Cisco prepares platform for Internet of Things

Company claims its IoT vision goes far beyond ruggedised switches, routers, wireless and boxes.

Cisco is working on a platform for the Internet of Things (IoT), that will enable customers in multiple industry sectors to rapidly deploy and manage their machine-to-machine (M2M) applications.

At the Cisco Live event in London this week, Robert Soderbery, senior vice president and general manager of Cisco's Enterprise Networking Group, showed off a range of products that he said were "IoT-ready".

These included ruggedised wi-fi access points like the Aironet 1550 Series, connected grid products like the 2000 Series Connected Grid Router, and industrial switches like the IE 3000 Series, as well as a selection of smaller embedded devices for the automotive and military industries.

However, Soderbery said that Cisco would not be revealing its complete vision for the IoT until next year, because the company's vision goes far beyond just ruggedised switches, routers, wireless and boxes.

"We're looking to deliver an IoT platform which will enable you to rapidly and easily deploy IoT applications, manage those applications and present them to your application development community who can think up all the great things to do with these products," he said.

Cisco executive demonstration manager Sean Curtis went on to show off some of the things that Cisco Labs have been working on in the IoT space. Much of these centre around Jabber - Cisco's UC platform that combines instant messaging, voice, video, desktop sharing, and conferencing.

Curtis showed how sensors on the network could be used to provide presence information for Jabber users. For example, when the user enters his or her office, motion detectors on the door would trigger the lights to turn on and change the user's Jabber status to 'available'.

Using the GPS in the user's smartphone, Jabber would be able to keep track of whether the user remains in his office or goes elsewhere. If a second person enters the office and closes the door - indicating that a private meeting is going on - the user's Jabber status will switch to 'busy'.

Driving home, the accelerometer in the user's phone could be used to indicate whether he is available to talk.

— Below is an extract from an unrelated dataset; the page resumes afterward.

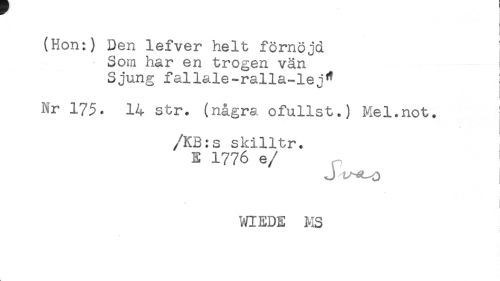 //// (Hon:) Den lefver helt förnöjd //// Som har en trogen vän //// Sjung fallale-ralla-lej* //// Nr 175. 14 str. (några ofullst.) Mel.not. //// /KB:s skilltr. //// E 1776 e //// /J t^O //// WIEDE MS //// t ////

If he leaves his phone face-up on the passenger seat, his Jabber status will remain available, but if it is face-down he will appear as unavailable.

Jabber will also provide suggestions on how best to contact the user, based on their current activity. For example, if they are stationary and in their office, they might be contactable by phone, SMS or email, but if they are in a private meeting, the application will recommend voicemail or email only.

"These sensors on the network are going to provide information, but it's what we do with that information that really improves the experience, and how we change business processes - that's really what the Internet of Everything is about," said Curtis.

The Internet of Everything was one of the topics highlighted in Cisco's Connected World Technology Report, which provides insight into the attitudes of the world's next generation of workers.

As more people, things and devices connect to the Internet, more data from more places will be introduced across corporate and service provider networks, which open up new vulnerabilities and a need for more sophisticated security approaches, the report warns.

Ian Foddering, chief technology officer for Cisco UK and Ireland, said that the Internet of Things is the next logical step for Cisco.

As sectors such as transportation, manufacturing and energy become increasingly automated, and the number of connected end points grows, the onus will fall on the network companies to keep these applications up and running.

Foddering said that the advantage of working to an open standard like IP is it provides a common framework, making it easy for organisations to partner up. For example, Cisco is already working with Schneider Electric to develop IoT applications around energy management in buildings.

However, he flagged the need for faster adoption of IPv6 within organisations, in order to free up more IP address space and enable companies like Cisco to realise the opportunity that exists with the Internet of Everything at a macro level. 

"When you start to connect more and more things to the network, you can suddenly start to completely change the way things are delivered and how services are offered, so I think there's a huge possibility here," he said.

"We've reached a point now when you can get email on your phone and browse the web, but for me that is just the beginning. That's why this Internet of Everything is so exciting for us, because it allows us to start painting a picture of where we see the future going in that world of connected things."